* [PROBLEM TO SOLVE] Print nothing but the lines below starting at the line that holds "在建筑研究院里通常有三种类型" and ending at the line that holds "100th Birthday Party", including both, each exactly as written.

* [DATASET RECORDS]
= = =

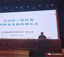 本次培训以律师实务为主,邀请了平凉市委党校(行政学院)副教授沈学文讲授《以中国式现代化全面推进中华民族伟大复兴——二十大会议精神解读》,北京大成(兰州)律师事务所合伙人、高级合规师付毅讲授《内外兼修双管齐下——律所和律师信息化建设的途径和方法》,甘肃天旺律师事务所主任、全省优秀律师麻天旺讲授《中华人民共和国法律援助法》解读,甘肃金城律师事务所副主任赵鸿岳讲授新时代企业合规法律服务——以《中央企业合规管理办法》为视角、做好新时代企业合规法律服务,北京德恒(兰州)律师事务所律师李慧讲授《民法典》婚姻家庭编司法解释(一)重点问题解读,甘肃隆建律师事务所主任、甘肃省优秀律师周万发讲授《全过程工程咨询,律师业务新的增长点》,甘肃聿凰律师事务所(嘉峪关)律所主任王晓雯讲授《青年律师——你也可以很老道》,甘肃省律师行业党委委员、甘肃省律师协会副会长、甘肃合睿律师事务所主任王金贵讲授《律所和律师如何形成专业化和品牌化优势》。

= = =

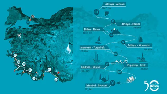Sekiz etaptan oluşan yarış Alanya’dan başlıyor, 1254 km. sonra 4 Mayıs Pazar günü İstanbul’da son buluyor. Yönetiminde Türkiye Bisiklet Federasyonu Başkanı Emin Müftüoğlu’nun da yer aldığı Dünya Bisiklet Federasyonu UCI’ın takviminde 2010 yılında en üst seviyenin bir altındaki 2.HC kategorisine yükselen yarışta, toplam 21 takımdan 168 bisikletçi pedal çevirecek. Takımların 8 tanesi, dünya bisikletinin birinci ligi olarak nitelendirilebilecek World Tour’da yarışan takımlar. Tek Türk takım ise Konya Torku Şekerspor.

= = =

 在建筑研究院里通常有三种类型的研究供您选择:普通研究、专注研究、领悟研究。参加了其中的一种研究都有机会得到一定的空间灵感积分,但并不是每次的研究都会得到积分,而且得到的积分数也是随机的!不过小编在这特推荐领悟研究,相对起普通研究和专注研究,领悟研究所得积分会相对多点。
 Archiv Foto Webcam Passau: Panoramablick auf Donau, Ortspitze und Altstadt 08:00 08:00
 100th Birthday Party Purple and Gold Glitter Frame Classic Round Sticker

= = =

* [SOLUTION BELOW]
 在建筑研究院里通常有三种类型的研究供您选择:普通研究、专注研究、领悟研究。参加了其中的一种研究都有机会得到一定的空间灵感积分,但并不是每次的研究都会得到积分,而且得到的积分数也是随机的!不过小编在这特推荐领悟研究,相对起普通研究和专注研究,领悟研究所得积分会相对多点。
 Archiv Foto Webcam Passau: Panoramablick auf Donau, Ortspitze und Altstadt 08:00 08:00
 100th Birthday Party Purple and Gold Glitter Frame Classic Round Sticker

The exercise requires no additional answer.